START Task material

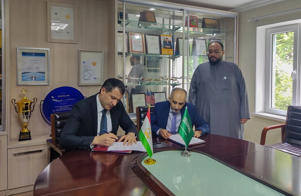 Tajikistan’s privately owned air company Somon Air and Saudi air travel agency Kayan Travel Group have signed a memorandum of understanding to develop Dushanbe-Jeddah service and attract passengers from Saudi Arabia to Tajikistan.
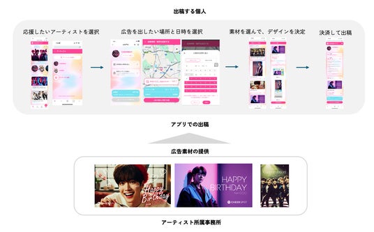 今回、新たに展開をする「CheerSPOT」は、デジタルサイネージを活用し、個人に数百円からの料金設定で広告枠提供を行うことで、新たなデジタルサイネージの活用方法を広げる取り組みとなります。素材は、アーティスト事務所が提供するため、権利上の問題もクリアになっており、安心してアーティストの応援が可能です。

END Task material
START Task material

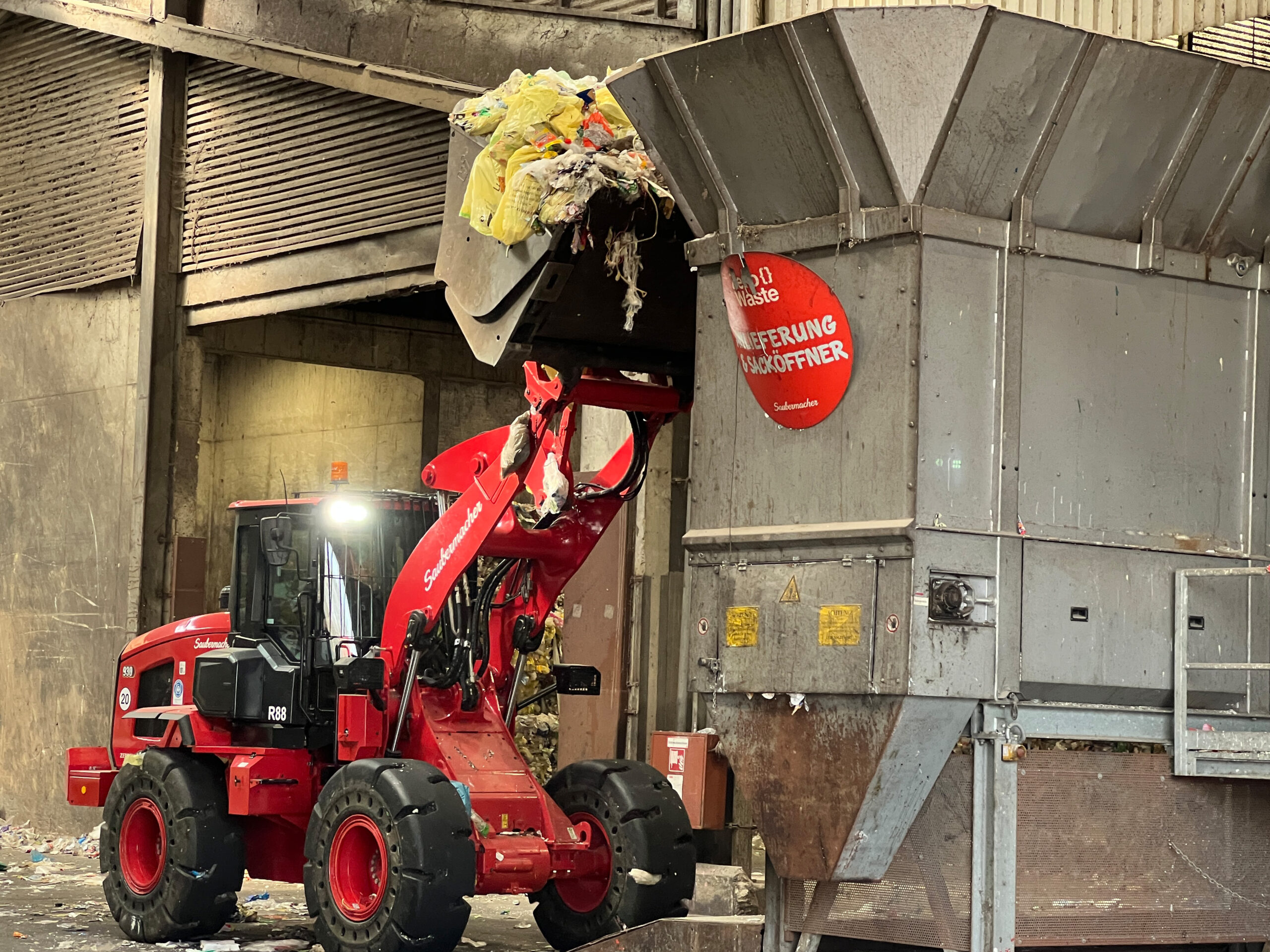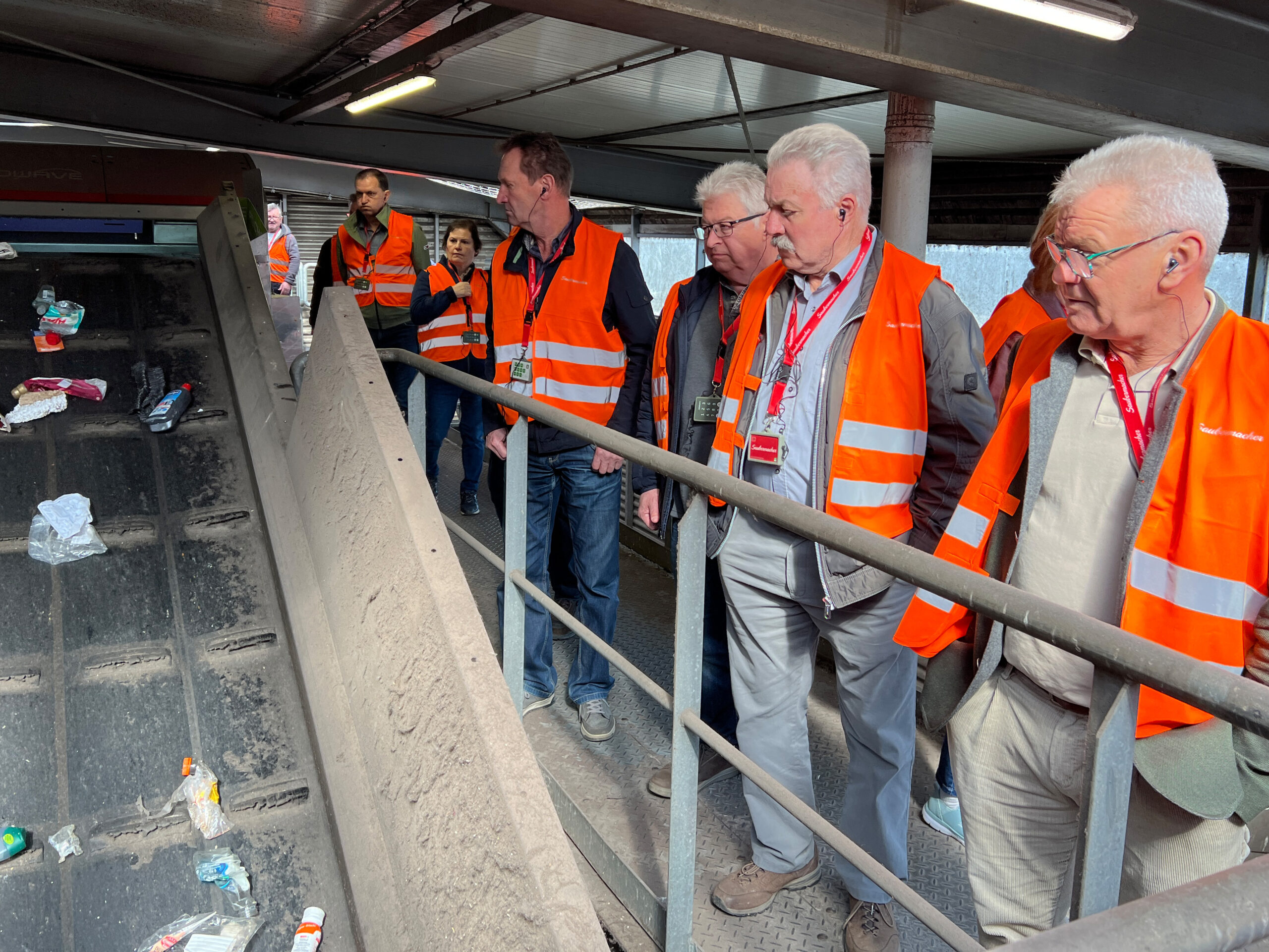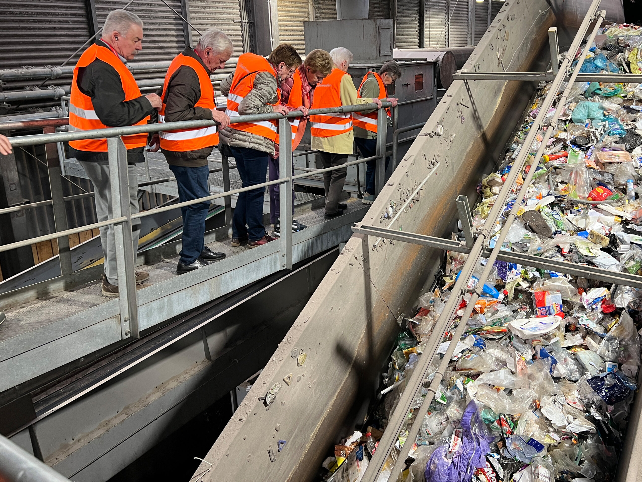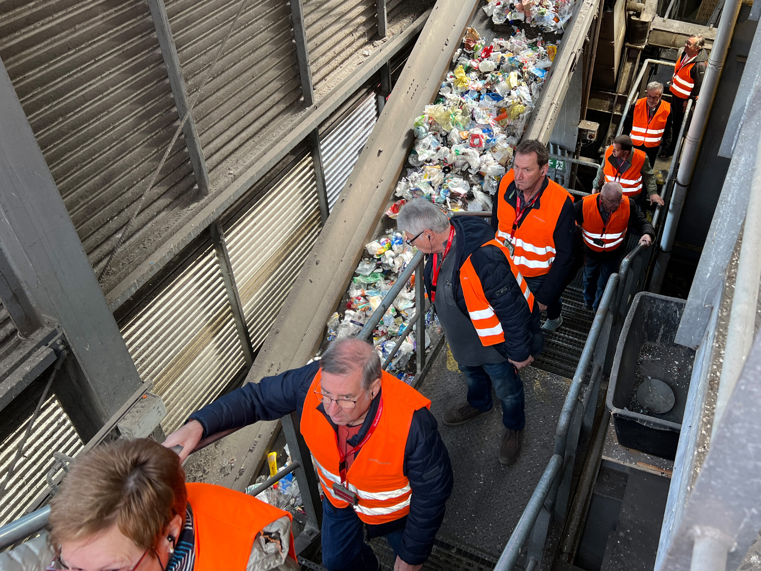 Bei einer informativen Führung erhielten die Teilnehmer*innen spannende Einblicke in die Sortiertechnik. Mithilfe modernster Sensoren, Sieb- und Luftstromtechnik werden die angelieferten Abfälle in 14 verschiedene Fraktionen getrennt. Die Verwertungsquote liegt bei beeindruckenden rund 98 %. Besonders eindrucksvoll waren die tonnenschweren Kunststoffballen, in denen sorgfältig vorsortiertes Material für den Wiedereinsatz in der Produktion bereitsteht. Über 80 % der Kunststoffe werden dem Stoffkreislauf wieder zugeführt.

END Task material

__What you will do__: Exactly the lines above, from the one containing "Tajikistan’s privately owned" down to the one containing "今回、新たに展開をする「Ch", are to be repeated, including both ends. Pictures are not part of the copy.

__Task result__:
 Tajikistan’s privately owned air company Somon Air and Saudi air travel agency Kayan Travel Group have signed a memorandum of understanding to develop Dushanbe-Jeddah service and attract passengers from Saudi Arabia to Tajikistan.
 今回、新たに展開をする「CheerSPOT」は、デジタルサイネージを活用し、個人に数百円からの料金設定で広告枠提供を行うことで、新たなデジタルサイネージの活用方法を広げる取り組みとなります。素材は、アーティスト事務所が提供するため、権利上の問題もクリアになっており、安心してアーティストの応援が可能です。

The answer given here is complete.